(Data to use Opens)

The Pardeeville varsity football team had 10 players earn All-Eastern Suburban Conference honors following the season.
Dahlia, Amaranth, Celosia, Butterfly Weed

(Data to use Closes)
(Data to use Opens)

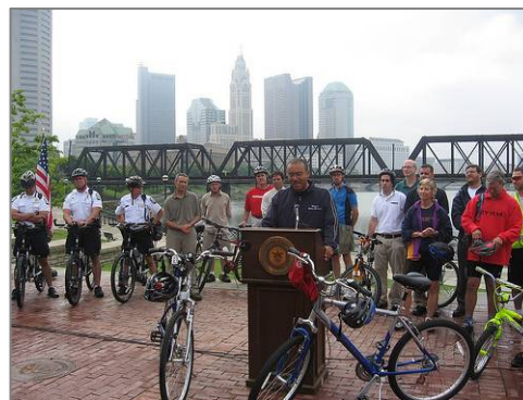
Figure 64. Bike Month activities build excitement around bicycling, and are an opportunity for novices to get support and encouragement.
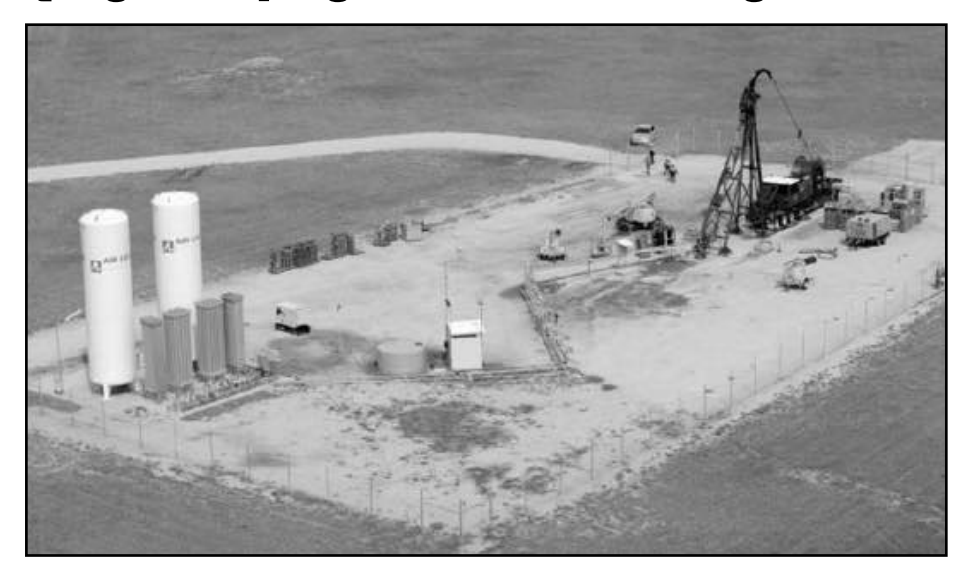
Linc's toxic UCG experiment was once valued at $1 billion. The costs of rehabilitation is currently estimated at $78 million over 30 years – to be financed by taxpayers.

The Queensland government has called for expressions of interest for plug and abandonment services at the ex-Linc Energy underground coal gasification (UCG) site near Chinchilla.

(Data to use Closes)
(Data to use Opens)

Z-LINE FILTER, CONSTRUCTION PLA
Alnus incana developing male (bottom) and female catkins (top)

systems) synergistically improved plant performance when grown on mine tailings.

(Data to use Closes)

The copy should hold exactly the lines above from the one with "Figure 64. Bike" through the one with "The Queensland government", both ends counted, and no pictures at all.

Response box
Figure 64. Bike Month activities build excitement around bicycling, and are an opportunity for novices to get support and encouragement.
Linc's toxic UCG experiment was once valued at $1 billion. The costs of rehabilitation is currently estimated at $78 million over 30 years – to be financed by taxpayers.

The Queensland government has called for expressions of interest for plug and abandonment services at the ex-Linc Energy underground coal gasification (UCG) site near Chinchilla.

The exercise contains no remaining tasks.